Population (2024 census)
- • Total: 39,882
- • Density: 123.63/km^{2} (320.19/sq mi)
- • Households: 8,537

Economy
- • Income class: 1st municipal income class
- • Poverty incidence: 13.96% (2023)
- • Revenue: ₱ 920 million (2024)
- • Assets: ₱ 3,687 million (2024)
- • Expenditure: ₱ 762.4 million (2024)
- • Liabilities: ₱ 445.4 million (2024)

Service provider
- • Electricity: Surigao del Norte Electric Cooperative (SURNECO)
- Time zone: UTC+8 (PST)
- ZIP code: 8410
- PSGC: 1606706000
- IDD : area code: +63 (0)86
- Native languages: Surigaonon Agusan Cebuano Tagalog
- Website: claver.gov.ph

= Claver, Surigao del Norte =

Municipality in Surigao del Norte, Philippines

Claver, officially the Municipality of Claver (Surigaonon: Lungsod nan Claver; Bayan ng Claver), is a municipality in the province of Surigao del Norte, Philippines. According to the 2024 census, it has a population of 39,882 people.

The town can be reached by bus, van-for-hire and jeepney from the Surigao Integrated Bus & Jeepney Terminal or at any point along the national highway. Its patron saint is St. Peter Claver and fiesta is celebrated every ninth day of September.

A large part of the municipal land area is a mining reservation due to extensive mineral deposits. This includes the Nickel ore loading port at Taganito, located 10 kilometers from the town proper of Claver, on the banks of Taganito river.

==History==

===World War II===
Claver was one of many coastal towns that for some time were ignored after the American and Filipino military forces surrendered to the Japanese in May 1942. Claver became the headquarters of the 114th Infantry Regiment of 10th Military District, which was the guerrilla organization under the jurisdiction of the United States Army.
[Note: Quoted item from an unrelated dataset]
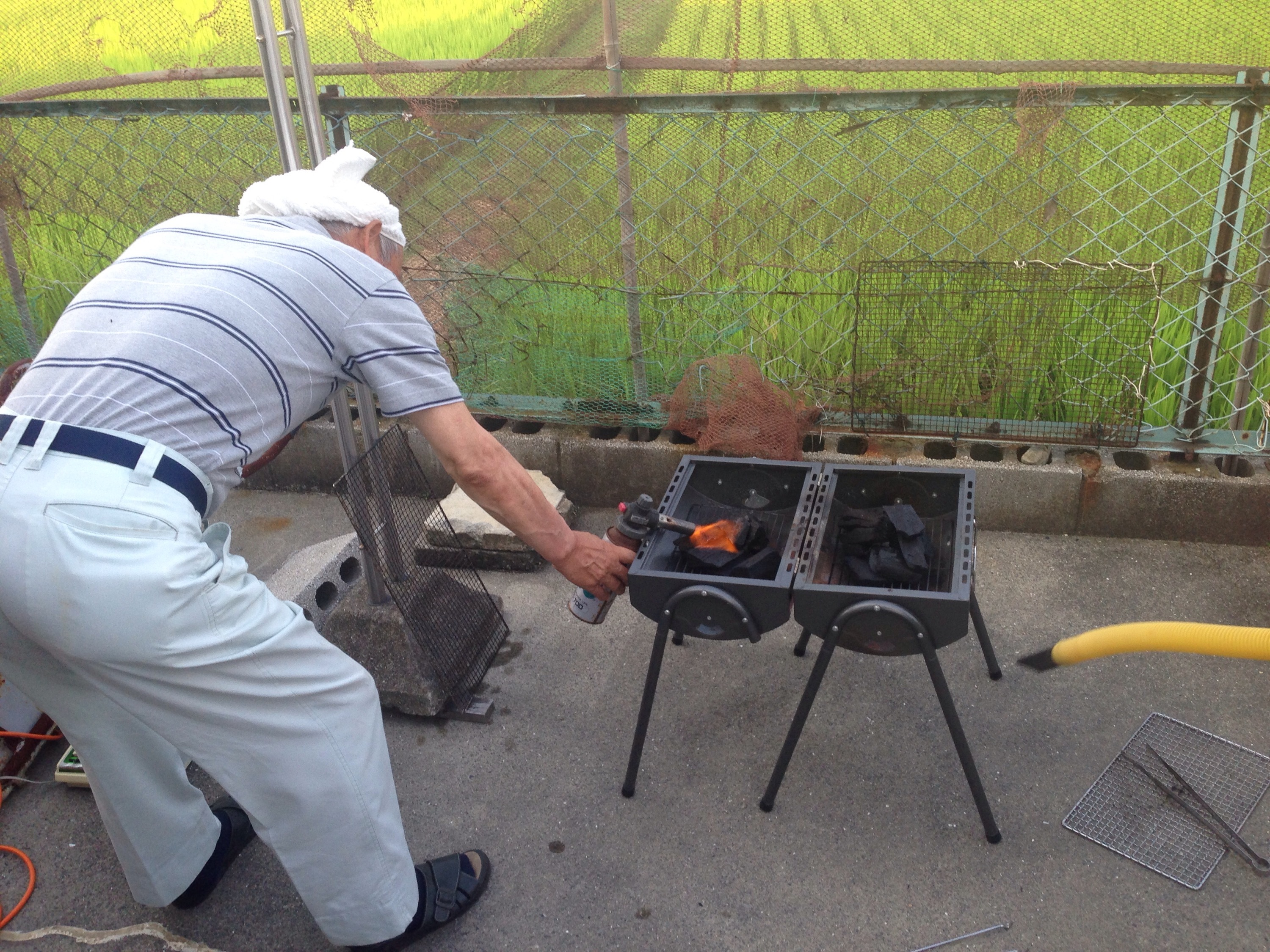 じいちゃん(私の父)がねじりハチマキでせっせと火起ししてます。

Some residents had fled for fear of a Japanese raid or occupation of the town, but an American whose family took refuge there said Claver still had a feeling of normalcy to it. On a hill above town the guerrillas maintained a radio station by which they kept in contact with other military units. The radio operator decided, without the knowledge of his superiors, to jam wavelengths used by the Japanese. The Japanese got a fix on the location of the station as a result.

On November 30, 1943, the Japanese took action to put the radio station out of business. Very early in the morning several Japanese ships appeared off the coast and began shelling the town with five-inch guns. After a prolonged shelling, Japanese troops landed and destroyed the radio station. The guerrillas left as the Japanese entered town and moved their headquarters elsewhere. Because the town had supported the guerrillas, the town was ransacked. The troops then returned to the ships, which left.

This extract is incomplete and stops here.